• _Records for processing_:

---*---

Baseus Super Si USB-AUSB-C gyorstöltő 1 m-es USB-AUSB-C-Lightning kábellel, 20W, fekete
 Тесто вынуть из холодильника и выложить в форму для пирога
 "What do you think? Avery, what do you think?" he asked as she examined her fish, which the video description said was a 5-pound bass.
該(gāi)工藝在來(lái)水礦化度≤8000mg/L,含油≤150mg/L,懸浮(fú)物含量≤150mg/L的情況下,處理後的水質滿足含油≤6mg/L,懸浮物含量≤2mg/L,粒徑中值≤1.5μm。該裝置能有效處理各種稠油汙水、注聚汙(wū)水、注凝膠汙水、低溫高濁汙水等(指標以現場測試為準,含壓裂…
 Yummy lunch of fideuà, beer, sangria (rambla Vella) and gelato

---*---

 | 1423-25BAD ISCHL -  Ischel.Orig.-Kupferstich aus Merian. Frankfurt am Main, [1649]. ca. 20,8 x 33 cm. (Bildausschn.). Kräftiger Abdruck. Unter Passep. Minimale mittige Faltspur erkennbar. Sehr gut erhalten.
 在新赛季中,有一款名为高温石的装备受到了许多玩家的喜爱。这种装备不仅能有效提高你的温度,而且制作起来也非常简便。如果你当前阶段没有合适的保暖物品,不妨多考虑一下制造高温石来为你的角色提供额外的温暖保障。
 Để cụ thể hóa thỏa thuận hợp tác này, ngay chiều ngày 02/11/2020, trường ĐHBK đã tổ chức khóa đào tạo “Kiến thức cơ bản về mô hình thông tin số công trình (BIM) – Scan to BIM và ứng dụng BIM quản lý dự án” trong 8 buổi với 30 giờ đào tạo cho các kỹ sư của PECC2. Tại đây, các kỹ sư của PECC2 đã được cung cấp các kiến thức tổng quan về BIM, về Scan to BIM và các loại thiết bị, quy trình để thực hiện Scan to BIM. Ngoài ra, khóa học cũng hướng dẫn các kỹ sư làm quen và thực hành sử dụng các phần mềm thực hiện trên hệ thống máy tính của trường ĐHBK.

---*---

• _What is being asked_:
Above this instruction are the records; retype exactly the lines from the one containing "該(gāi)工藝在來(lái" up to and including the one containing "Yummy lunch of".

• _Result of this exercise_:
該(gāi)工藝在來(lái)水礦化度≤8000mg/L,含油≤150mg/L,懸浮(fú)物含量≤150mg/L的情況下,處理後的水質滿足含油≤6mg/L,懸浮物含量≤2mg/L,粒徑中值≤1.5μm。該裝置能有效處理各種稠油汙水、注聚汙(wū)水、注凝膠汙水、低溫高濁汙水等(指標以現場測試為準,含壓裂…
 Yummy lunch of fideuà, beer, sangria (rambla Vella) and gelato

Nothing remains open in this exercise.